Thursday, June 04, 2009

When You Comin' Back, Red Ryder?

Photo/Kristen Vaughn

Teddy, a young former soldier, has a grudge against America. Since he can't punish an entire country, his anger finds a target in an unsuspecting diner. The crowd comes in for eggs, but ends up caught in a hostage crisis, casualties both of Teddy's dissapointment, and the society that created it.

Reviewed by Ilana Novick

Steven, aka Red (Ben Schnickle), can’t seem to relax after his graveyard shift at Foster’s Diner in New Mexico, in the revival of When You Comin' Back, Red Ryder? The relentlessly chipper attitude of his co-worker Angel (Heather E. Cunningham), who takes the morning shift, just makes things worse for this moody young man. Unfortunately, he can’t even really think about getting away on this slow Sunday morning, because a young army drifter named Teddy (Christopher Patrick Mullen) has decided to hold all the customers hostage. Mark Medoff writes about more than money, though: he shows that while Teddy’s actions are reprehensible, they are also a product of the cultural conflicts of America in the late 60s. It's this question that keeps the play from becoming mindless violcene. It’s not just a fight between Teddy and the diner patrons, but between generations and classes—in other words, between the fifties and the sixties.

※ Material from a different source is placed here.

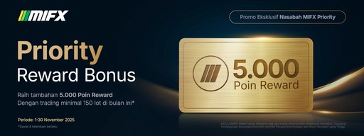 MIFX Priority Reward Bonus 2026 adalah sebuah program promo yang memberikan hadiah berupa 5.000 Poin Reward MIFX. Poin ini nantinya dapat ditukarkan dengan hadiah yang tersedia di program Poin Reward. Nasabah bisa mendapatkan Poin Reward dengan melakukan trading hingga mencapai target 150 lot side selama periode program berlangsung. Semua keputusan Penyelenggara dalam program ini bersifat final dan tidak dapat diganggu gugat.
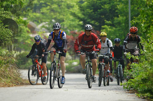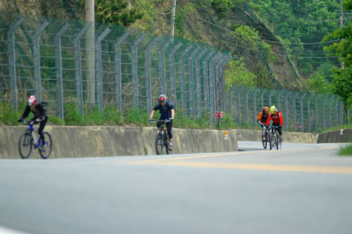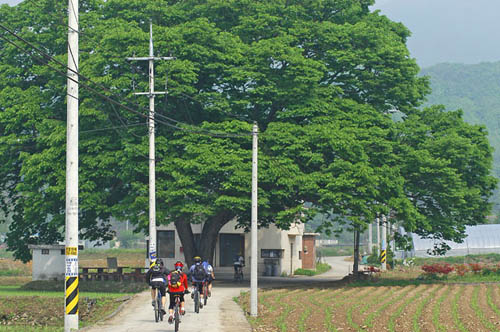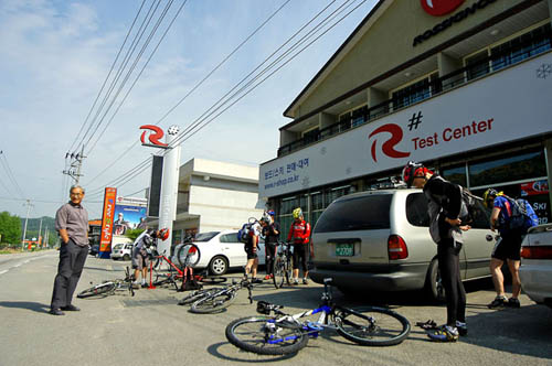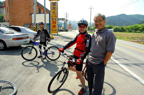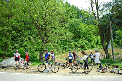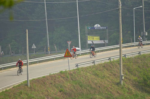 이박사님, 나, 정이석님.. 4시부터 로드 복귀에 나선다. 낮동안 이리저리 농땡이 피우면서 비축해 놓은 힘을 로드에 쏫아 붇고 간다. 목표시간은 7시에 강마을 다람쥐에 도착하는 것.. 1주차 복귀때 보다 다소 강도를 늦춰 느긋하게 가기로 한다. 타이어에 공기압을 최대한 빵빵하게 하고 알샵에 작별인사 하고 출발한 시각이 4시 10여분이다.

Before Teddy’s entrance, the most exciting aspect of the play is the pitch-perfect set: a jukebox with flashing lights, faded chalkboards with specials that never change, Formica everything, and the clanking of dishes—you can almost smell the bacon and eggs cooking. As Red, Schnickle is suitably scowling and moody, but he never says exactly why he wants to leave so badly, so while all of his scowling and railing against his small town is meant to evoke sympathy in the audience, it comes off as needless whining. In their slacks and ties, violinist Clarisse (Matilda Szydagis) and her husband Richard (David Blais) look more like walking targets than actual people, though they become the former the minute Teddy walks in with Cheryl (Casandera M.J. Lollar) and a gun. Red's angst seems like the point of the play at first, but Teddy and his gun quickly take over, raging against both the diner, and the society it belongs to.

Is Teddy is legitimately railing against a society that forced him into the army, or simply taking the diner hostage for the hell of it, preying on the defenseless staff and customers just because he can? It's this question that makes the story intriguing, and despite the violence, impossible to look away from. It's challening the auidences sympathies-is it possible to empathize both with the helpless patrons, and with the seemingly evil man who is holding them hostage? Mullen's posture and swagger, along with leather jacket and haircut, make him resemble a less-pale Mick Jagger. Whatever his reasons, the more appalling he acts, the more impossible he is to ignore, whether that’s forcing the customers to dance together, stealing a violin, stripping his hostages, or shooting his victims.